Perang Dagang AS-China, Siapa yang digunakan Bakal Berhasil lalu Berakhir Tumbang?

Perang Dagang AS-China, Siapa yang digunakan digunakan Bakal Berhasil lalu Berakhir Tumbang?

JAKARTA – Perang dagang antara Amerika Serikat (AS) kemudian China kembali memanas. Dalam sepekan terakhir, kedua negara saling menekan dengan tarif impor yang tersebut semakin tinggi, mengubah konflik ini menjadi ujian ketahanan kegiatan ekonomi jangka panjang yang dimaksud belum pernah terjadi sebelumnya.

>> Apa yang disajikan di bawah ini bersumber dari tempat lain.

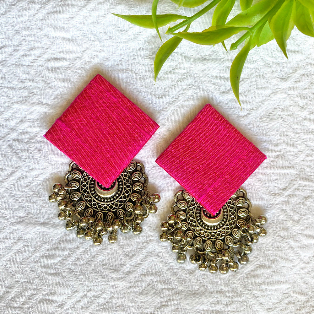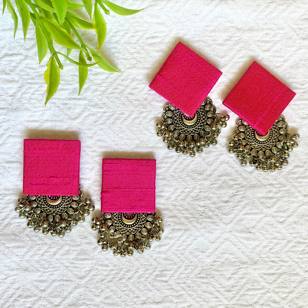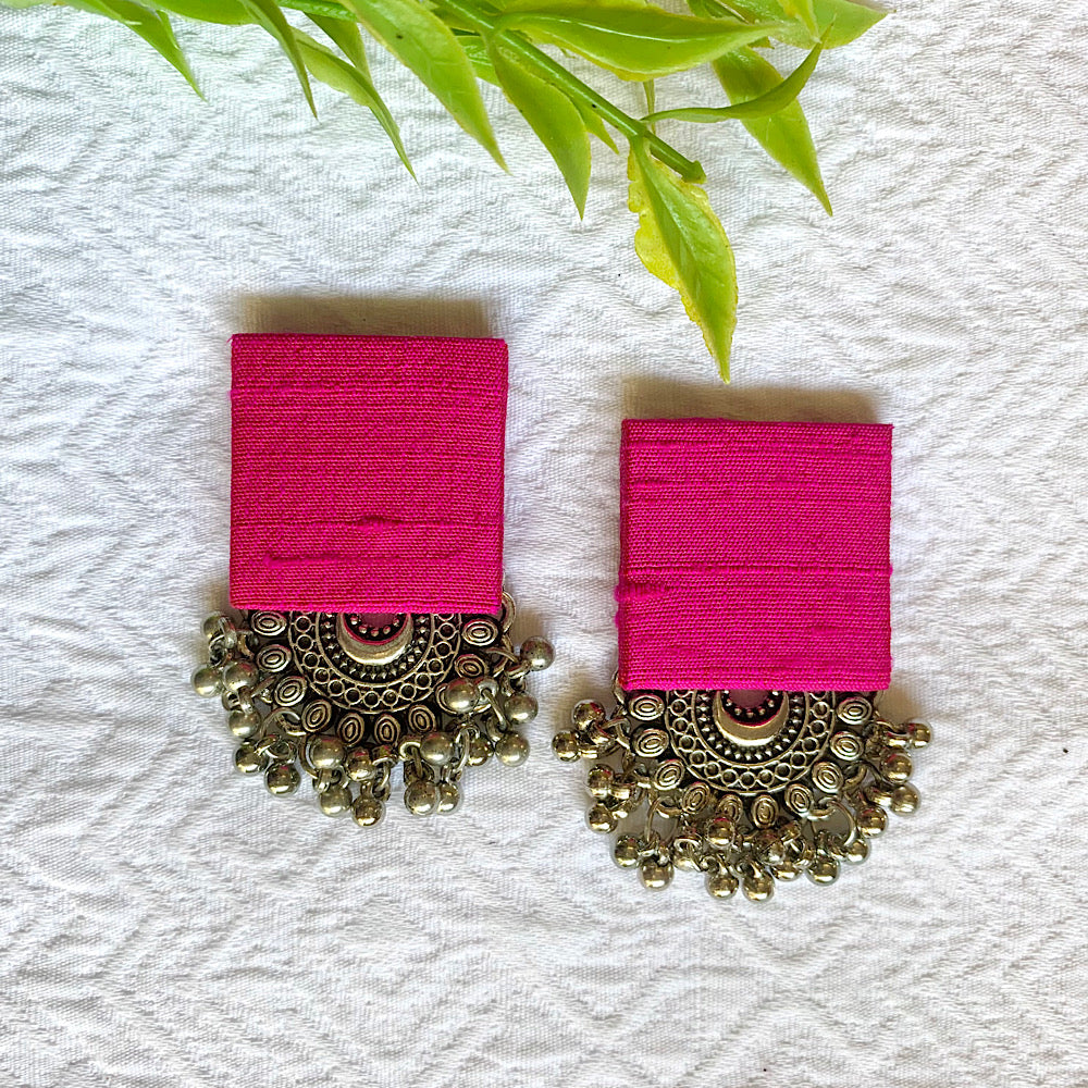 Pure Raw Silk Fusion Earrings - Fuchsia Pink

Tarif impor Amerika Serikat terhadap hasil China pada saat ini mencapai 125%, sementara Beijing membalas dengan tarif hingga 84% terhadap barang-barang selama Amerika. Perang tarif ini tak hanya sekali berdampak pada perdagangan kedua negara, namun juga menguji daya tahan sistem dunia usaha global.

Menurut Dekan School of Public Policy pada Chinese University of Hong Kong pada Shenzhen, Zheng Yongnian, konflik ini bukanlah lagi sekedar persoalan neraca perdagangan, melainkan adu kekuatan di mendirikan sistem bidang yang tangguh lalu berkelanjutan.

“Apa yang tersebut diperebutkan adalah ketahanan ekonomi. Hanya dengan sistem yang tersebut kuat, China mampu mengamankan kedudukan dominan di persaingan jangka panjang melawan AS,” ujar Zheng, diambil dari akun resmi media sosial People’s Daily dari SCMP, hari terakhir pekan (11/4/2025).

Di sedang ketegangan ini, Presiden Negeri Paman Sam Donald Trump memberikan jeda 90 hari untuk sebagian besar tarif pada negara lain, namun tetap memperlihatkan fokus memperketat kebijakan terhadap China. Langkah ini disebut oleh Lynn Song, kepala ekonom ING untuk Greater China, sebagai bagian dari ujian daya tahan yang mana sengaja dilancarkan Washington.

“Para pembuat kebijakan seakan-akan sedang menguji siapa yang tersebut tambahan dulu merasa kesakitan, untuk mengamati siapa yang tersebut akhirnya memiliki keunggulan pada waktu negosiasi dilanjutkan,” tulis Lynn pada catatannya.

Namun, risiko pemisahan total antara dua raksasa dunia usaha dunia makin nyata. Perdagangan antara Negeri Paman Sam kemudian China yang dimaksud mencapai USD688,3 miliar tahun lalu pada masa kini terancam stagnasi.

Zheng memperingatkan, “Jika tarif telah tembus 60 hingga 70 persen, efeknya mampu mirip seperti 500 persen, bidang usaha tak akan sanggup berjalan kemudian pemisahan dunia usaha jadi tak terelakkan.”

Profesor Kondisi Keuangan dari Universitas Peking, Yao Yang, juga menyuarakan kegelisahan serupa. Ia menyebut, sejumlah lapangan usaha ekspor China sekarang ini harus mengalihkan komoditas ke pangsa domestik, yang dimaksud bisa jadi memperparah persaingan internal kemudian tekanan deflasi.